01 de Febrero de 2012 00:00
Energías sustitutivas
El futuro de las energías sustitutivas en el Paraguay es auspicioso, aunque requieren de difusión y de jornadas de presentación y uso de equipos que las utilizan.
Las energías sustitutivas resultan una opción interesante para las empresas familiares, que, al constituirse y utilizar estas energías, reducirían la migración de los jóvenes a las ciudades y a la capital en particular. Entonces, los jóvenes pueden crear su propia empresa sin llegar a ser empleados.
Otro punto a tener en cuenta es que el empleo de energía convencional ensucia y termina por contaminar el ambiente, en muchos casos, por la forma en que se cocinan los alimentos. Aquí se incluye el empleo de la leña y del carbón, aunque este último, pese a su amplia utilización, se debería sustituir. Ocurre que el carbón es costoso, libera gases tóxicos a la atmósfera e implica el corte de árboles para su fabricación, además de los daños al ambiente. De 4000 a 5000 kg de carbón se consumen diariamente en Paraguay. Y, para hacer 1 kg de carbón, se necesitan 4 a 5 kg de leña.
Además, solo basta un poco de leña para que estas cocinas y hornos puedan funcionar y cocinarse prácticamente toda clase de alimentos.

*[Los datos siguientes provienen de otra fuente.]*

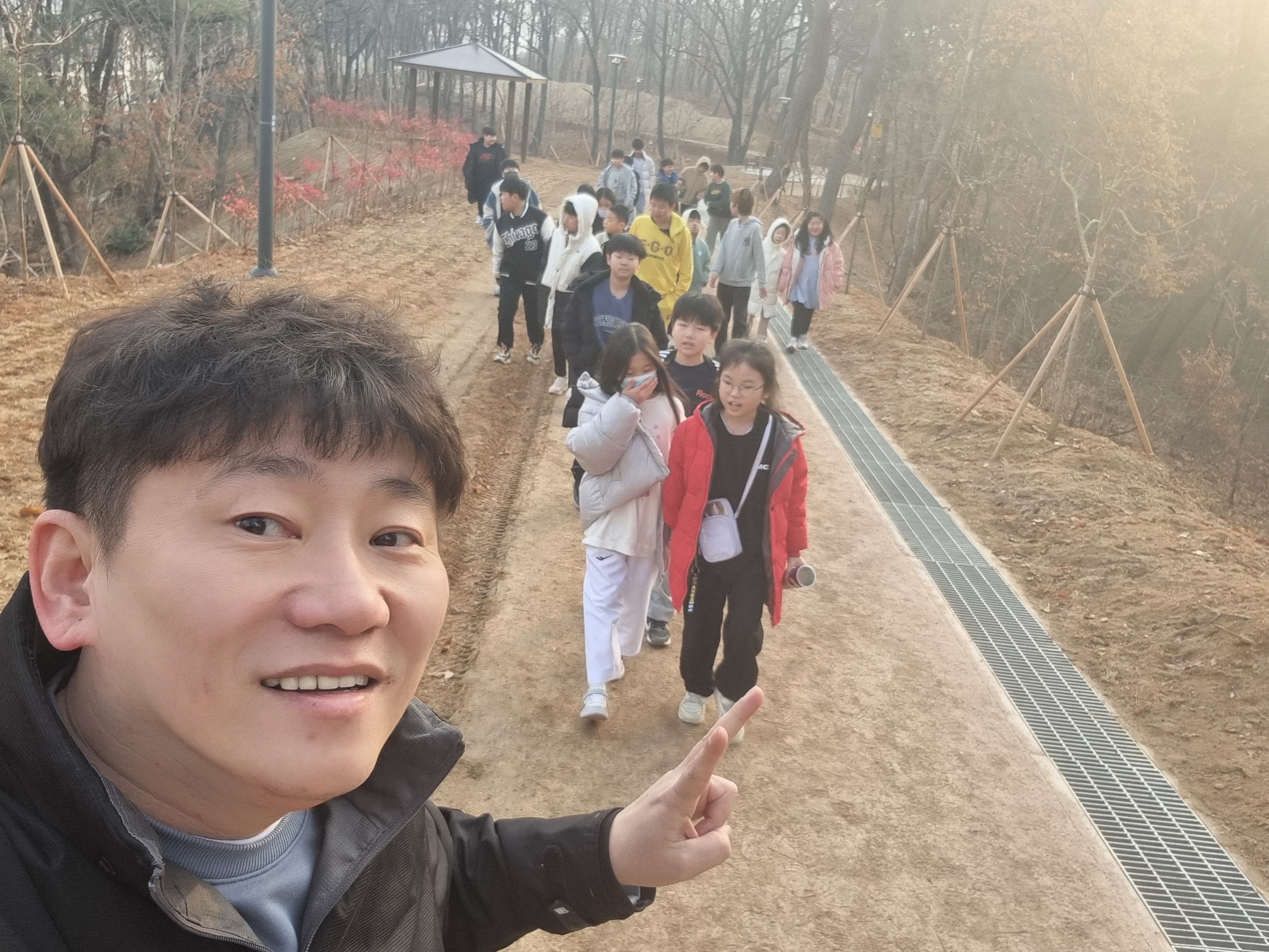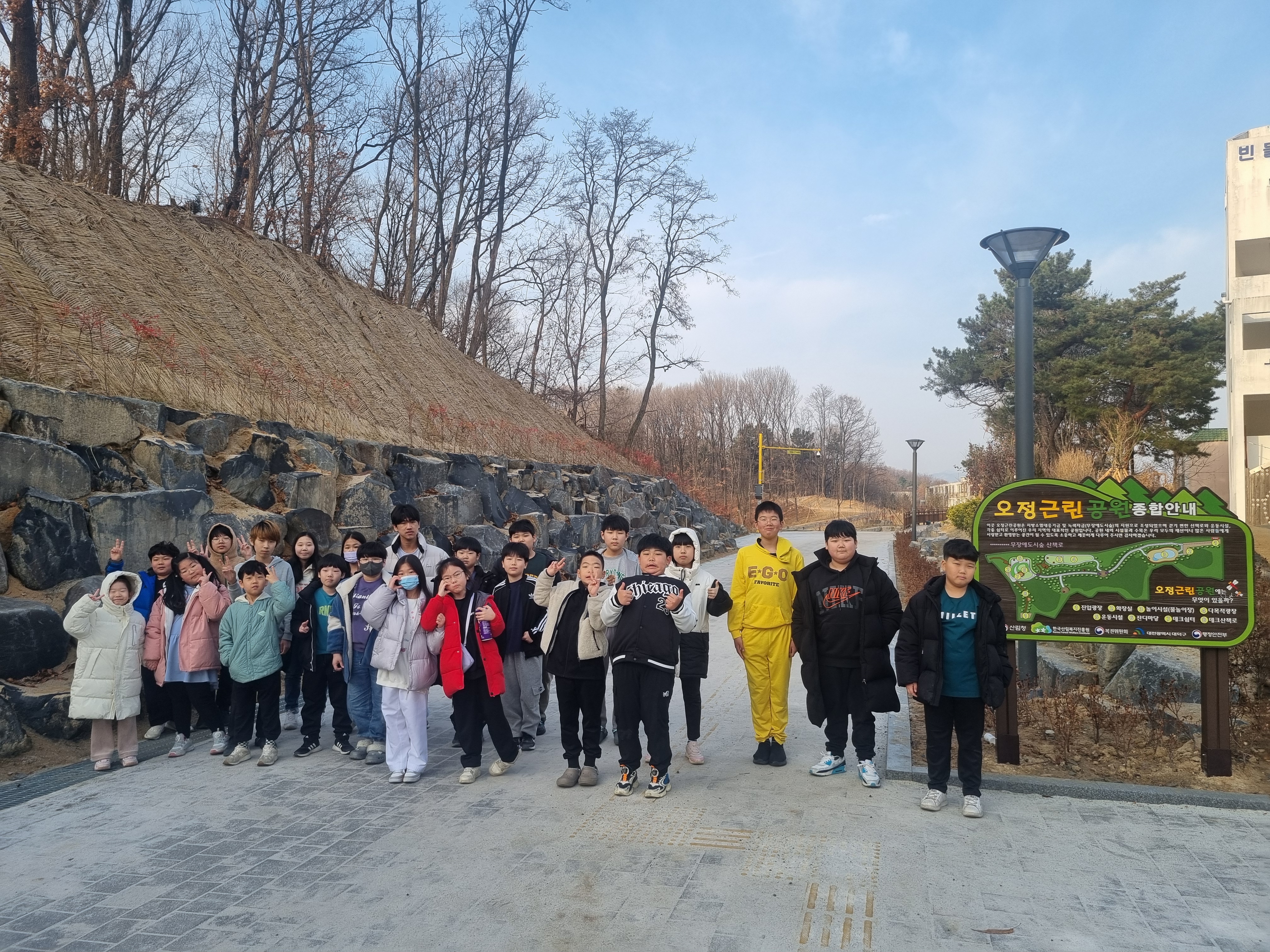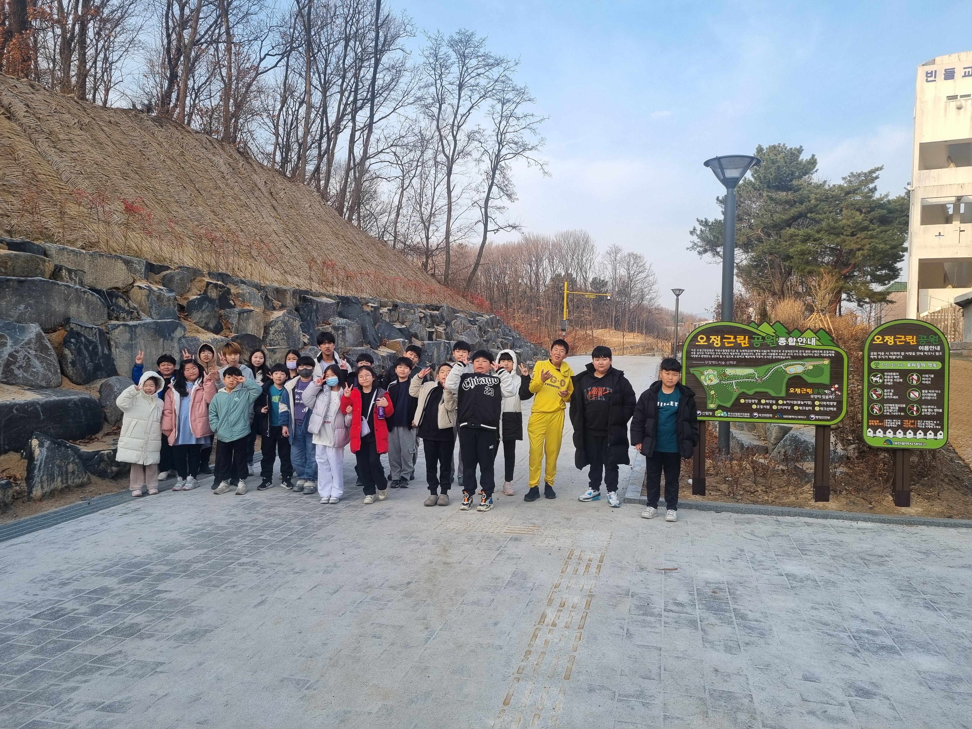 다음날 3.1절 아침에 일어나 태권도장 바로 옆에 새로 생긴 오정근린공원 산책을 진행했습니다.^^

La leña se puede obtener de las podas de árboles de los restos de carpinterías, o bien plantando árboles.
MODELOS SOLARES
Existen los modelos solares y aquellos que utilizan la leña como fuente de energía. Entre los modelos solares existen: cocinas, calefones para agua caliente, y secaderos para hierbas medicinales y frutas. Todos ellos utilizan un sistema rápido y limpio de calentamiento. Por ejemplo, se puede desecar zanahoria, locote, mandioca, batata, tomate, naranja y banana, que quedan como "caramelo". Lo mismo para carne (cecina) y mondongo, que se conservan por bastante tiempo. Existe también una cocina solar estándar con un panel hecho de espejos, que alcanza hasta 300 ºC de temperatura, que refleja los rayos solares en el centro de la parrilla, donde se coloca una olla negra para absorber mejor el calor. Se orienta hacia el sol cada 20 a 25 minutos. En caso de no usarse, el panel se puede girar hacia abajo para una mejor protección. No contamina el ambiente ni ensucia la olla. También existe un colector solar para agua caliente con entrada y salida de agua, que llega hasta un tanque de acero inoxidable, a unos 70 ºC. El agua caliente que se obtiene está desinfectada; es potable y sirve para cocinar, siendo apta para consumo.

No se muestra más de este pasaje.